● **Task objective**: Nothing is needed except the lines below that run from the one with "On Thursday morning, I" through the one with "在实践学习的过程中,解说员专", repeated exactly.

● **Input for this task**:
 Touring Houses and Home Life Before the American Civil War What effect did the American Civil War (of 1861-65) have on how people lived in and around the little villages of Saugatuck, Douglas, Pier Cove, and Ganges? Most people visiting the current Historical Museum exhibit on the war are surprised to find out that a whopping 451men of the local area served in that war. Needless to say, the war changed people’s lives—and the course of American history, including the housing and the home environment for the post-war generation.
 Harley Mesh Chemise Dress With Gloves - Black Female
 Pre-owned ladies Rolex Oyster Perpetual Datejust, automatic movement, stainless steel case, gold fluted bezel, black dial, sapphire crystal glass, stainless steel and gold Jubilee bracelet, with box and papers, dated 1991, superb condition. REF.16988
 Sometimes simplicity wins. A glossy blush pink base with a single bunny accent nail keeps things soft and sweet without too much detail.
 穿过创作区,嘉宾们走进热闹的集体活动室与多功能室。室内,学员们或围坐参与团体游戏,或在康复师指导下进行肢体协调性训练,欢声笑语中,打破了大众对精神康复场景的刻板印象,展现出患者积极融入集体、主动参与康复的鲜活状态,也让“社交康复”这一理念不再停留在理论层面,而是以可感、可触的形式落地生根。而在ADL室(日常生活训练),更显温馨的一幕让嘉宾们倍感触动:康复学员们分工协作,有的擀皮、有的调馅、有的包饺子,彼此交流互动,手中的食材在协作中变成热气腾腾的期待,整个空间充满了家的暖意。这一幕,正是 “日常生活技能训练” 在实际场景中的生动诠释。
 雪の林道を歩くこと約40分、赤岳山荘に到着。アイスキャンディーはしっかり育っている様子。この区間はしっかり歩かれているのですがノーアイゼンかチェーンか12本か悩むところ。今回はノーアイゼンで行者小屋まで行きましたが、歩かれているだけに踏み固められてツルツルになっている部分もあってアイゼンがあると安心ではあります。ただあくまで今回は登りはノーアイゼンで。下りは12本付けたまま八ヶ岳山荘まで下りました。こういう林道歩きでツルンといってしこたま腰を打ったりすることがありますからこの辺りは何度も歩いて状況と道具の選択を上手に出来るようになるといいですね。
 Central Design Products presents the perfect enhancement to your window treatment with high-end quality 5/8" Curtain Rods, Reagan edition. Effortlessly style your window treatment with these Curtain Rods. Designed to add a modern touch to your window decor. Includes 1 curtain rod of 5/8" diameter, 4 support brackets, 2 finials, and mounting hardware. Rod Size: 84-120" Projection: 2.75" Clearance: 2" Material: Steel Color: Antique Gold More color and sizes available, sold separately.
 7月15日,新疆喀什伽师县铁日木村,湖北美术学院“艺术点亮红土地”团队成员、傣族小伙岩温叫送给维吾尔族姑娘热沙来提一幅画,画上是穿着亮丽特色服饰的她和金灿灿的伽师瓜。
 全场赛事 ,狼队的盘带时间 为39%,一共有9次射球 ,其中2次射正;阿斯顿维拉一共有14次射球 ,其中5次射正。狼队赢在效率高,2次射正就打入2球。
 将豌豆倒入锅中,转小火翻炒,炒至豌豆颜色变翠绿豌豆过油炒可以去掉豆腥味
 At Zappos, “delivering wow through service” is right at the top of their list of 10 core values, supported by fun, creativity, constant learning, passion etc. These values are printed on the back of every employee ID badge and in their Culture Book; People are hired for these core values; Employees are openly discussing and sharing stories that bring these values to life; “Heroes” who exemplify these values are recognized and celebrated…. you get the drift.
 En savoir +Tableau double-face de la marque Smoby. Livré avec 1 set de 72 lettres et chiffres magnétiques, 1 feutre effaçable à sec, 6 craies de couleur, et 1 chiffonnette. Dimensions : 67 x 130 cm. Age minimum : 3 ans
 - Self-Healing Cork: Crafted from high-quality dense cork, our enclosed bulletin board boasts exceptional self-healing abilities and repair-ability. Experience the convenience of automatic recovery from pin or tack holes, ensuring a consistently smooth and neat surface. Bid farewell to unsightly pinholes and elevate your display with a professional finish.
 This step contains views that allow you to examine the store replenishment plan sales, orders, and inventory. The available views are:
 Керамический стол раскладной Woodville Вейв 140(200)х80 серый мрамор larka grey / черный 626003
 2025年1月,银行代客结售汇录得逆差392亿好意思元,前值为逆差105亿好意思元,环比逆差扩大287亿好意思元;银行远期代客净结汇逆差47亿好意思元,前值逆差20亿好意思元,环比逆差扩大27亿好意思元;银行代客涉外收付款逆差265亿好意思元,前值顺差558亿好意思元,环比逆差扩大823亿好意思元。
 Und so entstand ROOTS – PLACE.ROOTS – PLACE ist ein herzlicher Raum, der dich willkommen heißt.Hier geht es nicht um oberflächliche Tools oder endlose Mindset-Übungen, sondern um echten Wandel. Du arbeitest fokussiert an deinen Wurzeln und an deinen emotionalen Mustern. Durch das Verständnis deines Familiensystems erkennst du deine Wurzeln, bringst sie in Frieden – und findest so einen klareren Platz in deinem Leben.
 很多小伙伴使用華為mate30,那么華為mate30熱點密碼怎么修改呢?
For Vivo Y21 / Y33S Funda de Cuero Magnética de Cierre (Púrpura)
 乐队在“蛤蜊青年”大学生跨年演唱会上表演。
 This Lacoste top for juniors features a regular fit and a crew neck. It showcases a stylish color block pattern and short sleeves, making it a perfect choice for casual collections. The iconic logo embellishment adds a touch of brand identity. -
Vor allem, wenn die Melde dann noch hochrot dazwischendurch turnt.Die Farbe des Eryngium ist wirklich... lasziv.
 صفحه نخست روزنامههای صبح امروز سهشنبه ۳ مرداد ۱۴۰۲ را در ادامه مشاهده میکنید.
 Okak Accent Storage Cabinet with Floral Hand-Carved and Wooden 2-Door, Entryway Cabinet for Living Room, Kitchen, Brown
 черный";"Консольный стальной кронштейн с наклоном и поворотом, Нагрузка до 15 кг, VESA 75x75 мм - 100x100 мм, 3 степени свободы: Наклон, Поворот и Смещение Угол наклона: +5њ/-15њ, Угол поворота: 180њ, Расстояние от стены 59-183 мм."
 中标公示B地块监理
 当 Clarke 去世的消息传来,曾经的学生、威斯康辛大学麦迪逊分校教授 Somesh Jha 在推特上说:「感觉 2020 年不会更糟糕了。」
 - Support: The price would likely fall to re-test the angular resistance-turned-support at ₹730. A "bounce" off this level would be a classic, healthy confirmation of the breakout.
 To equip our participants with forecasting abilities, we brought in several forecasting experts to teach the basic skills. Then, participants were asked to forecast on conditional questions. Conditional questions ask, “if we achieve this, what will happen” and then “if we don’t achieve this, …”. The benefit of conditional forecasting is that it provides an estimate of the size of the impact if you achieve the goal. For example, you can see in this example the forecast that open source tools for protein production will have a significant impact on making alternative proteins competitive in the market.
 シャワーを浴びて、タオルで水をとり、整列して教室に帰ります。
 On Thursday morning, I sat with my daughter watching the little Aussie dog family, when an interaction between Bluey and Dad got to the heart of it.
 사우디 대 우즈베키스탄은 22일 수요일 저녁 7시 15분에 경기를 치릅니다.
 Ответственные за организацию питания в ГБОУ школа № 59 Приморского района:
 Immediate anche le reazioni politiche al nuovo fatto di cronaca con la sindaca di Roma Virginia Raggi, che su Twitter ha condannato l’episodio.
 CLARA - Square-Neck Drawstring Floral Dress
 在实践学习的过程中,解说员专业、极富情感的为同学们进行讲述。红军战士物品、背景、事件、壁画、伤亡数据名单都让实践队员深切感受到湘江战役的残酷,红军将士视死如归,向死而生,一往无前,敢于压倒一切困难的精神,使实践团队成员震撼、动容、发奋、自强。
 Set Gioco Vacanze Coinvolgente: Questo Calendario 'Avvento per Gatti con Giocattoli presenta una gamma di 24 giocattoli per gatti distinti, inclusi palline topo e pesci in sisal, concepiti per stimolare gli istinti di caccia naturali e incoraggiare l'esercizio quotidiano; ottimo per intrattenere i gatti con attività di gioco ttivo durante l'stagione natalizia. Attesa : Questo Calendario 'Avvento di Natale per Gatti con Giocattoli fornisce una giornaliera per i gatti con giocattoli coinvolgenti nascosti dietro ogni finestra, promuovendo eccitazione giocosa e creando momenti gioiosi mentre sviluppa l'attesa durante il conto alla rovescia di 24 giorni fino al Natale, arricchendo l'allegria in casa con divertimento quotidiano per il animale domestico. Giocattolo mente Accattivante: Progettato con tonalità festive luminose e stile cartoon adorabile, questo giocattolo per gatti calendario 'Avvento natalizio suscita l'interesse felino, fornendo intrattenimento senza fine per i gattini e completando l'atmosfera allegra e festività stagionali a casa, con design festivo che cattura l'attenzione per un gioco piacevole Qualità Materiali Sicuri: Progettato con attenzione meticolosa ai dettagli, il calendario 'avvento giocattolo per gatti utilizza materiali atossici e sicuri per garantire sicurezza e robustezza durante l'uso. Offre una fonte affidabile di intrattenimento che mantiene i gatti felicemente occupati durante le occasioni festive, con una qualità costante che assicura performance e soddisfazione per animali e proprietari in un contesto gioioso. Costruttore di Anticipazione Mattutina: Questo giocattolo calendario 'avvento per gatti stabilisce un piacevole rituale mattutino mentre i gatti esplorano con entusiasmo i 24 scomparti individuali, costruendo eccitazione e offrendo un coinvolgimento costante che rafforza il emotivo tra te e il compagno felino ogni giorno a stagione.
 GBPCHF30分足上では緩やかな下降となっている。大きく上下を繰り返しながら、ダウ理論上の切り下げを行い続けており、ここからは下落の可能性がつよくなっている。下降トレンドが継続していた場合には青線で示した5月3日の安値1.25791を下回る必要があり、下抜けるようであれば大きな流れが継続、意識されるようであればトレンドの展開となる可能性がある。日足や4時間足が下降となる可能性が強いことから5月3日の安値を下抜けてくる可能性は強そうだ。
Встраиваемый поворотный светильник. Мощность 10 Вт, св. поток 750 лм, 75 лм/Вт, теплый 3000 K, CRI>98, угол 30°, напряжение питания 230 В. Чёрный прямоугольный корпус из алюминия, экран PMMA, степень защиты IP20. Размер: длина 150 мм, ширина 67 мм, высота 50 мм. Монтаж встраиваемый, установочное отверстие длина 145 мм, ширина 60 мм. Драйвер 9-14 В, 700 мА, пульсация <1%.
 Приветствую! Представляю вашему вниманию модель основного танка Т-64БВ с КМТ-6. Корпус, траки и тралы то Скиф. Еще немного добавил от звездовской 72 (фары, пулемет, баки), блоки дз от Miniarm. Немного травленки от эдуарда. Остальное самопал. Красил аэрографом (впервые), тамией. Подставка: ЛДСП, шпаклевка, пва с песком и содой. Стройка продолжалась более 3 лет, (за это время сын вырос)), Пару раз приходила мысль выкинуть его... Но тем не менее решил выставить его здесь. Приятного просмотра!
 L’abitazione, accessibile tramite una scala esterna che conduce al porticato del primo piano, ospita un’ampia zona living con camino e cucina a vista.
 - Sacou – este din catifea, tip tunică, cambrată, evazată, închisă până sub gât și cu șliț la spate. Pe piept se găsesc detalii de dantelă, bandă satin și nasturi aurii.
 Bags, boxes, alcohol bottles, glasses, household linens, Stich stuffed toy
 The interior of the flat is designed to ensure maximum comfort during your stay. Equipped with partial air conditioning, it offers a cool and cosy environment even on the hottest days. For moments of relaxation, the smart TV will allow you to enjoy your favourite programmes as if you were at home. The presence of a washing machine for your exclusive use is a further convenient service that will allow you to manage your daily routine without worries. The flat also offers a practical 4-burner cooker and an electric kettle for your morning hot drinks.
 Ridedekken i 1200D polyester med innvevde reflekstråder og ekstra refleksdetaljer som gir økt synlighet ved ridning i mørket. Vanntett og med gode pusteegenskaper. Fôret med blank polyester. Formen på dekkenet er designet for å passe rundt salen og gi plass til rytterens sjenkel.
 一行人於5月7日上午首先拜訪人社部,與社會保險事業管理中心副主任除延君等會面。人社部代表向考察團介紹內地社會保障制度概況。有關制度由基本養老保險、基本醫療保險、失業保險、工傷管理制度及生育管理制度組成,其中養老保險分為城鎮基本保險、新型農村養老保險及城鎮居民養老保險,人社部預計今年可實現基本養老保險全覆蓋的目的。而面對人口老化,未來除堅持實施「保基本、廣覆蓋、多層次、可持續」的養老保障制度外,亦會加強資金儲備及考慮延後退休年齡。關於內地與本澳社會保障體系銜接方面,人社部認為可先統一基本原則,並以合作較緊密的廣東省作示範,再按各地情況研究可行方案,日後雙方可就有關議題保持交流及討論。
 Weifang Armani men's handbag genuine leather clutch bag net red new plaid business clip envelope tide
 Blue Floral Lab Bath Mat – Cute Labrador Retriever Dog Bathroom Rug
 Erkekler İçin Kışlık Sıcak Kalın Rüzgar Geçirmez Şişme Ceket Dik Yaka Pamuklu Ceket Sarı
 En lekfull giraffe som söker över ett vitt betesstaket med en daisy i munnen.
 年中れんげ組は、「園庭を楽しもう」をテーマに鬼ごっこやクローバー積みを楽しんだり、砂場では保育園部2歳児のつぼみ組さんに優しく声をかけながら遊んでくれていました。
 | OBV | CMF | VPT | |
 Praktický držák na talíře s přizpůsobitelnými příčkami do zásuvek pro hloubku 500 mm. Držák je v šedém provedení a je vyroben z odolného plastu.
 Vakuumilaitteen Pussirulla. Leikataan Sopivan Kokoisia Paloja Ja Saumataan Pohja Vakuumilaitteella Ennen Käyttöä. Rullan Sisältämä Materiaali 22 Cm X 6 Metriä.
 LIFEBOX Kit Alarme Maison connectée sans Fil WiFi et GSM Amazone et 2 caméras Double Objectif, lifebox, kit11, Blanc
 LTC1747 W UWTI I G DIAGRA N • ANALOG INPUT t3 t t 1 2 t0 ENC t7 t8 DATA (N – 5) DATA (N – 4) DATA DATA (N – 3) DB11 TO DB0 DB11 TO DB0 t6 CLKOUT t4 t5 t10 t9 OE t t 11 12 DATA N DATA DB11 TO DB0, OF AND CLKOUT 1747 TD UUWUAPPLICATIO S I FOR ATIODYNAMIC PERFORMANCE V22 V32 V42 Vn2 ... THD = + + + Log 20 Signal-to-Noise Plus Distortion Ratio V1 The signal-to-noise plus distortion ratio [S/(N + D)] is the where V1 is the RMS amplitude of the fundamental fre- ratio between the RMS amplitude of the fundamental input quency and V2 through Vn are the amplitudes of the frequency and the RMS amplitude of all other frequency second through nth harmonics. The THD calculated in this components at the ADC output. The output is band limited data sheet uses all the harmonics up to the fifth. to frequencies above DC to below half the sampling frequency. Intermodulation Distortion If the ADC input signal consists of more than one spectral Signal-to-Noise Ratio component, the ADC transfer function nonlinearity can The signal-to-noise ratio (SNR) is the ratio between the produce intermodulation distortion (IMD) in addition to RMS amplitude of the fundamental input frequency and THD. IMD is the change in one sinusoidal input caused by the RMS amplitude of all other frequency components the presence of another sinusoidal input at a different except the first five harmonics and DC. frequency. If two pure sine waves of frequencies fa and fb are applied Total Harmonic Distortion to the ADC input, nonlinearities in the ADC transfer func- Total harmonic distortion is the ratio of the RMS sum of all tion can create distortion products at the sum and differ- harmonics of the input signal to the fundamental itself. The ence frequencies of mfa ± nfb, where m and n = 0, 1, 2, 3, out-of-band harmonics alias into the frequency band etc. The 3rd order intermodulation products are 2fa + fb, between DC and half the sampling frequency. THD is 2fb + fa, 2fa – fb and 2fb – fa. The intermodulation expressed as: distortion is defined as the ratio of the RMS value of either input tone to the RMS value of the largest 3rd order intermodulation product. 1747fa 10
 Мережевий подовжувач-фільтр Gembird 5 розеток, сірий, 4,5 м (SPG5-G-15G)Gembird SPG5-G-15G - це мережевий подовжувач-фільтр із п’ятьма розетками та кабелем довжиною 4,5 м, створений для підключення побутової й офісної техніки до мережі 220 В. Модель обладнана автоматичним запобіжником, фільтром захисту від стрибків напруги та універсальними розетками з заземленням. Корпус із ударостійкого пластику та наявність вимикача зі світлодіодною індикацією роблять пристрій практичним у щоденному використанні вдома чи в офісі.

● **Output below**:
 On Thursday morning, I sat with my daughter watching the little Aussie dog family, when an interaction between Bluey and Dad got to the heart of it.
 사우디 대 우즈베키스탄은 22일 수요일 저녁 7시 15분에 경기를 치릅니다.
 Ответственные за организацию питания в ГБОУ школа № 59 Приморского района:
 Immediate anche le reazioni politiche al nuovo fatto di cronaca con la sindaca di Roma Virginia Raggi, che su Twitter ha condannato l’episodio.
 CLARA - Square-Neck Drawstring Floral Dress
 在实践学习的过程中,解说员专业、极富情感的为同学们进行讲述。红军战士物品、背景、事件、壁画、伤亡数据名单都让实践队员深切感受到湘江战役的残酷,红军将士视死如归,向死而生,一往无前,敢于压倒一切困难的精神,使实践团队成员震撼、动容、发奋、自强。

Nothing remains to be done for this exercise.